新店さんいらっしゃい(2)
あなたのお店では、イベントや新台入替などの営業活動が、一体何のために行なわれているか把握しているでしょうか?
売上げを上げるためですか?
以前もお話したと思いますが、現代は「売ろう売ろう」と思っても売れない時代です。単純に売上げを上げたいと思っても売上げは上がりません。
何のために誰に向かってどの様な営業活動を行なうのか、ということを明確に意識し実行できなければならないのです。
新店舗の出現を迎え撃つ既存店の対抗策にしても同じです。「新店に負けるな!負けるな!」と闇雲に声を荒げても仕方がないのです。
前回のコラムでお話したように、新店舗はその地域の一番店となるように、あらかじめ競争上で優位な要因をいくつも抱えて登場します。ですからそれを迎え撃つ既存店は、新店と同じ土俵で相撲を取ることは避けなければなりません。
新店舗の出現によって今後どの様に環境が変化するかを予測し、自店舗はどの様な方針を採るべきかを明確にする必要があります。さらには目的や状況にあわせた営業を使い分けなければなりません。
実際に新店舗を迎え撃つ既存店が行なうべき方策の要点は、大きく分けて
(1)新店舗と自店舗の目的の違いを把握して対処する
(2)自店舗のポジションを理解して行動する
の二つになります。
例えば(1)の「新店舗と自店舗の目的の違い」という、たった一点を認識するだけでも、営業は大きく変わってきます。
新店舗は、もちろんその地域に新しく出来るお店ですから、既存のお客様は1人もいないといってよいでしょう。しかも市場は拡大しない状況下ですから、その地域の既存店の顧客を奪うことで、新店の経営は成立します。新店舗にとって、開店後の最も大きな目的は他店の顧客を奪うこと、つまり、新規顧客の獲得になります。
それに対して既存店である自店舗は、新規店舗に顧客を奪われてはいけません。自店舗からの顧客流出を防がなければならないのです。つまり既存店舗の最も大きな目的は、顧客流出の防止ということになります。
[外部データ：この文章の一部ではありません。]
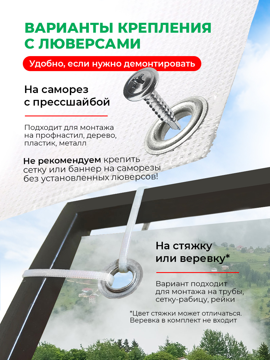 В комплекте к фотосетке идут в необходимом количестве люверсы, из расчета шага 40 см.

既存店にとってその最も大きな目的が、顧客流出を防ぐことであると理解できていれば、何も新店舗と同じ土俵の上で争う必要はありません。それに合わせた営業を実行していけば良い事になります。
ではその対策を有効に機能させるには、どうしたらよいでしょうか?
既存店は、新規店舗が開店する以前、つまり新店舗が新たにできるという確定情報を得た時点から、その対策を行なわれなければなりません。何の防止策もとらずに流出してしまった顧客を、もう一度顧客として引き戻すには、相当な資金と労力が必要となるからですね。
ましてや相手は、競争上優位に立つ新店舗です。投入した資金と労力に対する見返りは、決して大きいとは言えません。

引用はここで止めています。